As I write this it's a glorious Autumn day here in Marylebone, I have just finished my sermon for the Feast of St Michael and all Angels, tomorrow. I was musing upon a little embroidery given to me by a member of my former Parish in Vancouver that said, 'If you don't believe in Angels for Christ's sake become one'. What a challenge?
Recently I was in a church in Middle England, where there was a big bold banner in the centre of the nave with a giant net full of people. On one side it says ‘from now on you will be’ and then on the other side simply ‘catching people’.
Reassuringly the people in the net look very joyful and happy to be there. It was a very clear bold statement of intent: the church family exist not for themselves but to draw others into God’s kingdom of love, joy and peace. The truth is, of course, ‘we need to keep drawing the net in.’
I found myself pondering on this. You see, it can never be simply about filling church buildings; it must be about aligning our hearts with God’s heart for every person and the whole world.
The difficulty for us at St Cyprian’s is we seem to be failing to grasp the concept of Mission. It seem one can hardly move a chair without someone reminding me of its ‘proper place’. We seem to have little vision, other than restoring a former glory that never really existed.
Yet I know that in many hearts there is the desire to bring others to Christ. When Jesus reignited the vision of his disciples for his mission in the days after the resurrection, he reminded them where their calling began: in a boat, on a lake, with a miraculous catch of fish.
They’ve been up all night and caught nothing and before they even recognise who he is, Jesus calls from the shore, ‘Throw your net on the right side of the boat and you will find some fish.’ When they did, ‘they were unable to haul the net in because of the large number of fish.’
Peter looks again to the shore and lets out a loud, ‘It is the Lord’. And this time he doesn’t stay to help haul the net in; he throws himself into the water and swims to shore as fast as he can to get to Jesus.
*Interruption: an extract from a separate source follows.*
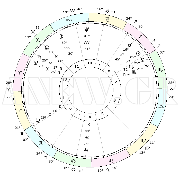 | | ΘΕΣΕΙΣ ΠΛΑΝΗΤΩΝ ΑΣΤΡΟΛΟΓΙΚΟΥ ΧΑΡΤΗ ΤΗΣ ΣΤΙΓΜΗΣ ΑΥΤΗΣ | | | | Πλανήτης | Ζώδιο | Μοίρες | Δεκαήμ. | Σε οίκο | Απόκλιση | | Ακμές των οίκων | | Ηλιος | Τοξότης | 05°31' | Πρώτο | 8 | 21 S 13 | | 1ος | 14°02' | Κριός | | Σελήνη | Υδροχόος | 26°19' | Τρίτο | 11 | 14 S 13 | | 2ος | 20°41' | Ταύρος | | Ερμής | Σκορπιός | 21°10'R | Τρίτο | 8 | 15 S 48 | | 3ος | 16°06' | Δίδυμοι | | Αφροδίτη | Σκορπιός | 25°50' | Τρίτο | 8 | 18 S 24 | | 4ος | 07°56' | Καρκίνος | | Αρης | Τοξότης | 16°44' | Δεύτερο | 9 | 23 S 24 | | 5ος | 01°01' | Λέων | | Δίας | Καρκίνος | 24°44'R | Τρίτο | 4 | 21 N 19 | | 6ος | 00°44' | Παρθένος | | Κρόνος | Ιχθείς | 25°17'R | Τρίτο | 12 | 04 S 04 | | 7ος | 14°02' | Ζυγός | | Ουρανός | Ταύρος | 29°11'R | Τρίτο | 2 | 19 N 46 | | 8ος | 20°41' | Σκορπιός | | Ποσειδώνας | Ιχθείς | 29°25'R | Τρίτο | 12 | 01 S 28 | | 9ος | 16°06' | Τοξότης | | Πλούτωνας | Υδροχόος | 01°50' | Πρώτο | 11 | 23 S 25 | | 10ος | 07°56' | Αιγόκερως | | Β. Δεσμός | Ιχθείς | 13°60' | Δεύτερο | 12 | 06 S 18 | | 11ος | 01°01' | Υδροχόος | | Ωροσκόπος | Κριός | 14°02' | Δεύτερο | | | 12ος | 00°44' | Ιχθείς | | Μεσουράνημα | Αιγόκερως | 07°56' | Πρώτο | | | |

We’re told “…the other disciples followed in the boat, towing the net full of fish, for they were not far from the shore.” What excitement as they counted up the large fishes they had caught, 153 in total.
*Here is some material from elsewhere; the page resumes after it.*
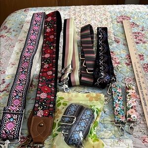 Set of vibrant purse straps with floral and geometric patterns. Includes red, pink, black, and blue designs. Perfect for adding style to your purse. All in bundle for price

Theologians have pondered the spiritual significance in that number but concluded there is none, apart from recognising that numbers matter to God, whether it’s one sheep out of 99 missing from the fold or 153 fish caught in a net.
Whatever number stirs you the most, I pray that we will all know the great joy of being followers together; not envying one another or looking down on one another, but sharing the excitement and wonder of those Christ is drawing into his kingdom, whether that’s a single lost sheep or a very large catch of fish.
For this reason let us keep our hearts and minds, and our plans and prayers, focused on Christ himself. Like Peter, our primary desire should be for closeness with Jesus. For this is the only way we will sustain momentum in mission, whether we’ve been up all night and caught nothing or put down a single net and landed a great catch.
The same core convictions ought to shape the culture of mission in St Cyprian’s:
1. There really is nothing better that anyone can do with their life than become a follower of Jesus Christ.
2. There is no way to re‐evangelise this church, the C of E and the nation apart from the impact of the daily lives of ordinary Christians.
3. The ultimate test of fruitfulness and authenticity of any church, irrespective of its style or tradition, is the quality of disciples it makes. Making whole‐life missionary disciples is the core vocation of the church.
4. Discipleship cannot be taught from a pulpit or in a classroom alone, but is formed through a Holy Spirit‐filled community: in worship, prayer, sacrament and the practice of mission in everyday life.
5. The mission belongs to God and we look to God for the courage, creativity and compassion to sustain us every step of the way. For those of us who sometimes tire and may even feel like giving up, let’s not lose heart, but encourage one another as we seek to sustain momentum.
May God’s Holy Spirit enthuse, enliven and encourage us as we contemplate the Mission of St Cyprian’s Church and help us to realise that we need to keep drawing the net in.